To: Jason Connor <jconnor@bio.ri.ccf.org>
Subject: Re: lm question
From: Prof Brian Ripley <ripley@stats.ox.ac.uk>
Date: Fri, 15 Dec 2000 18:51:08 +0000 (GMT)
Cc: s-news@wubios.wustl.edu
In-reply-to: <Pine.SOL.3.96.1001215131900.26113T-100000@foster>
On Fri, 15 Dec 2000, Jason Connor wrote:

> The following is a simple example to illustrating a bizarre feature I
> noticed.

Not bizarre, as it is as normally defined.

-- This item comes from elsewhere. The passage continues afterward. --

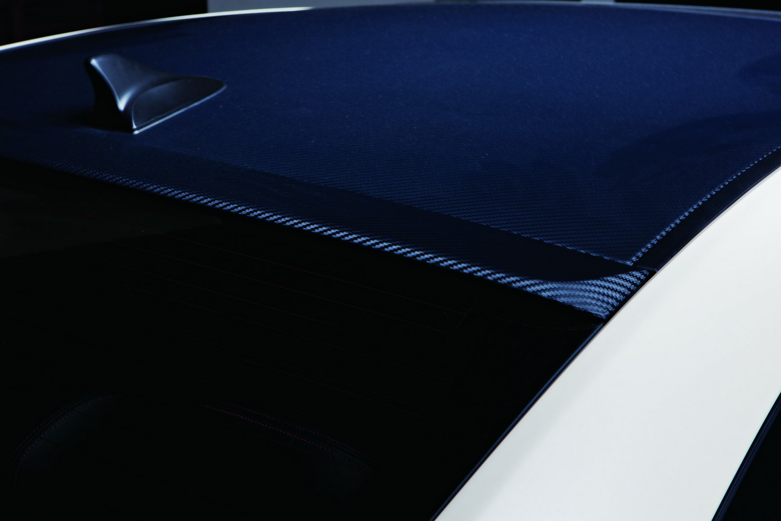 The designers claim to have used styling cues from the four-door Brabus Mercedes CLS Rocket for the car’s exterior modifications, which combine a matte pearl white paint with a set of blacked out 20-inch wheels, custom LED fog lights, and a slew of carbon fiber parts including the roof, grill, side mirrors and rear diffuser.

> The problem relates to the multiple r-squared value obtained using lm.
> 
> The following creates two vectors, x and y. 
> 
> > x_seq(1,10,length=100)
> > y_2+x*4+rnorm(100,0,4)
> > plot(x,y)
> 
> Now perform two fits:
> 
> > fit.a_lm(y~x)
> > fit.c_lm(y~rep(1,100)+x-1)
> 
> As you can see fit.a and fit.c are the same fit. fit.c says fit without an
> intercept but fit with a vector of 1's.  As one would expect, the
> coefficients from the two models are the same:
> 
> > coef(fit.a)
>  (Intercept)        x 
>     1.512145 4.173989
> 
> > coef(fit.c)
>  rep(1, 100)        x 
>     1.512145 4.173989
> 
> 
> The R^2 values, however, are not the same.
> 
> > summary(fit.a)$r.squared
> [1] 0.8680936
> > summary(fit.c)$r.squared 
> [1] 0.9752623
> 
> 
> It seems as if the R^2 value from fit.a is correct:
> 
> > cor(fitted(fit.a),y)^2
> [1] 0.8680936
> > cor(fitted(fit.c),y)^2
> [1] 0.8680936
> 
> 
> Any explanations as to the different behavior?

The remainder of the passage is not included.